Lina Caschetto, chef-owner of Say Hey Cafe & Deli, is getting ready to open something new.

The new project, “Touski“, sits next door to Say Hey at 154 E Pender Street, sharing kitchen and resources – but the shift is bigger than that sounds. Where Say Hey works within the framework of counter-service sandwiches, Touski opens things up. In short, this move is less expansion, more release valve for Caschetto’s talent.

Neil Hillbrandt, who was at Bar Gobo in its early days, stepped away from the industry for a time, keeping one toe in the kitchen through collaborations with Caschetto. Now he’s back, joining her as co-chef. They’ve cooked together for years, and it shows in a shared instinct for what needs doing, when to do it, and how things should taste.

The name helps explain the rest: Touski is a French contraction of ‘tout ce qui reste’, which Caschetto explains loosely translates to “everything that’s left or everything that there is.”  Here, it points to cooking from what’s on hand, which means a menu that shifts with what comes through the door, what’s in the fridge, and what feels right that day.

The food will draw from French and British classics (with nods to the neighbourhood), but it won’t hold still long enough to be pinned down too neatly, and that feels right. Caschetto and Hillbrandt cook with a focus on clarity and flavour, not quite comfort food, but somewhere in that territory – always open to whatever the moment calls for. That same approach carries through to the room, shaping how the place moves as much as what comes out of the kitchen.

During the day, the café side will run with espresso from Modus Coffee, alongside an in-house pastry program that deliberately avoids the usual croissant-and-scone format. That matters too, because it suggests this is not a daytime project and a nighttime project awkwardly sharing a lease. Instead, the whole thing feels like one place with two distinct tempos.
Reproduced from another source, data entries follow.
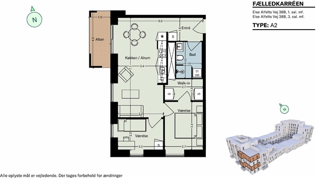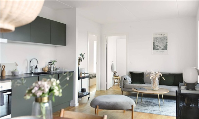 This residence features a beautifully designed olive green Invita kitchen that imparts a serene and natural atmosphere throughout the home. The floors are crafted from oak, complemented by underfloor heating installed across every room, ensuring consistent comfort no matter the season. Within the property, you will find two spacious bedrooms, a combined kitchen and living area, and a generously sized bathroom. The appliances, all provided by Electrolux, accentuate the modern feel; the bathroom continues the olive green theme, lending a cohesive touch to the overall interior. Additionally, the bathroom is equipped with an Electrolux washer and dryer. Ample storage is available via built-in closets, and each unit benefits from a dedicated storage room located either within the apartment itself or in the basement.The building known as Fælledkarréen stands out due to its exceptional architectural design and remarkable views overlooking Kalvebod Fælled, fostering a strong sense of community among residents. At the pinnacle of this distinguished structure, there are two expansive south-facing communal rooftop terraces that offer uninterrupted vistas of the surrounding natural area. These terraces provide an ideal setting to enjoy the outdoors from sunrise to sunset while encouraging neighborly connections.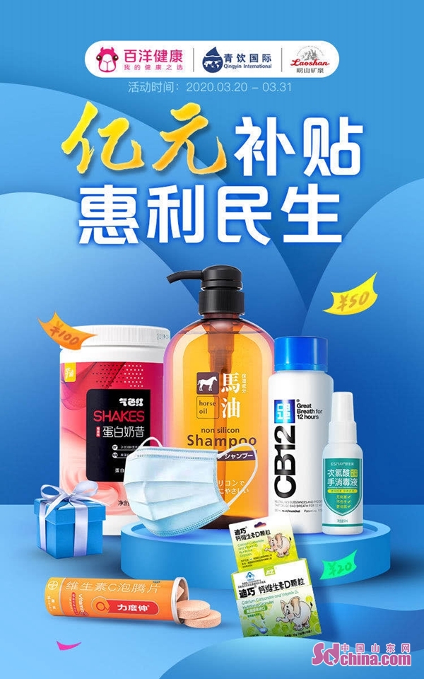 青岛市商务局局长赵世玉介绍,本次消费季活动鼓励倡导商家,特别是“线上”企业开展打折促销和让利优惠活动,并尤其提到百洋医药将联合青岛饮料集团发放1亿元消费券,自3月20日至3月31日期间,凡是登陆“青饮商城”或“百洋商城”的消费者便可领取数百元的抵用券用于购买商品,商品包括防疫产品、健康食品、美容产品、保健药品等。市民可以通过微信搜索“青饮商城”或“百洋健康”进行体验,所有领券消费者将长期享受“百洋”和“崂矿”的VIP优惠价格。
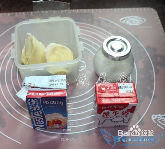 (方子和做法参考烩烩小厨的芒果布丁,但由于榴莲果肉比较稠,所以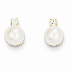 14k Yellow Gold Cultured Pearl CZ Earrings

By late afternoon, service will break, and the room will reset. Then the lights go down, the tables are set, and the pace changes.

This is where Jordan Westre comes in. Previously of Burdock & Co and Bar Gobo, Westre has come on board to run the room. Accompanying the roughly 10–12 item food menu will be a short, focused wine list, somewhere in the range of 12 to 16 bottles, brought together by Juice Imports, alongside a martini program.
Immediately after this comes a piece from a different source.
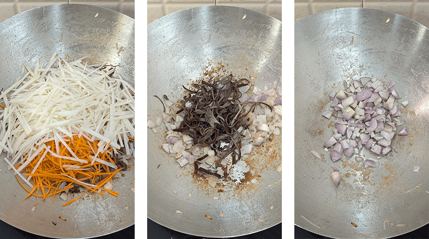 מוסיפים מעט שמן לווק ומטגנים את שארית בצל השאלוט הקצוץ עד להזהבה. מוסיפים פטריות אוזן ומקפיצים כ-2 דקות. מוסיפים את הקולרבי והגזר יחד עם 4-5 כפות נוספות מהרוטב.

I dropped by earlier this week and was surprised to find an almost-finished room. Out front, soft yellow walls and wood tables with pale green tops, paired with schoolhouse stacking chairs and banquettes, set the base. Dark green tile and retro green glass bottles, pulled from the basement during the cleanout, bring a bit of density. Along one wall, shelving built from what’s believed to be reclaimed neighbourhood wood anchors the space without making a show of it. There’s some very cool artwork on the way, largely thanks to the design work of Calen Knauf, who shaped the room from custom lighting through to materials, giving it clarity without boxing it in. That balance runs through the whole project.

There is a turntable in the corner. It is not the point of the room, but it matters. Westre knows how to use it, and it speaks to the larger direction here, where details shape the feeling of the place without trying to dominate it. In short: there is no big-budget polish happening here, and thank god. The lines are clean, the materials are simple, and the overall effect is an easy, approachable, and comfortable space. From what I’ve seen, the branding is tight (courtesy Adrian Ho). Like the space, the brand is modern and cool, but not austere or precious.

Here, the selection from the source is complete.